= Victor Muñoz (biochemist) =

Spanish biochemist

Victor Muñoz is a biochemist whose focus has been on protein folding and design. He provided experimental evidence for a mechanism of protein folding called as "downhill folding". He has pioneered various computational and experimental techniques to study this mechanism as well as to gain insights into the general process of protein folding.

Prof. Muñoz has used different standard biophysical techniques, such as Nuclear Magnetic Resonance (NMR), to unravel the downhill folding mechanism at an atom-by-atom level, using ultrafast laser temperature jump (T-jump) experiments for studying the kinetics of very fast folding proteins (microsecond timescales), driving Fluorescence Spectroscopy techniques (FRET) at single molecule level to study processes with fast dynamics as well as developing various computational models for quantitative analysis of a multitude of protein folding experimental data from various equilibrium and kinetics experiments. He has also been involved in design and engineering of proteins towards desired properties and functionalities. He has coordinated a consortium of researchers from Spain, "PRODESTECH", for tailoring enzymes, therapeutics and synthetic macromolecular devices from designed proteins.

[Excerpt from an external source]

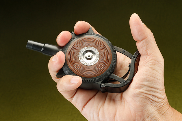 モデルガンで再現されたことが奇跡のプロテクターは、一見すると銃には見えない、ヨーヨーのような形をしていますが、実はれっきとしたリボルバーです。内部に取り出せるシリンダーが内蔵されていて、ボディ後部に設けられたトリガーを押し込むことでシリンダーが回転、内蔵式ハンマーにより弾が発射される仕組みです。通常のリボルバーはトリガーを引くと正面から見て横方向にシリンダーが回転しますが、プロテクターの場合は水車のように縦方向に回転します。弾はシリンダー内に放射線状に7発装填されます。

Dr. Muñoz has been a member of the faculty of the Department of Chemistry & Biochemistry at the University of Maryland since 2000 and has won the Searle Scholar Award, and the David and Lucille Packard Fellowship for Science and Engineering. He moved back to Spain in 2007 as a professor at the Center for Biological Investigations (CIB) of the Spanish Research Council (CSIC) at Madrid. He was elected to the European Molecular Biology Organization in 2009.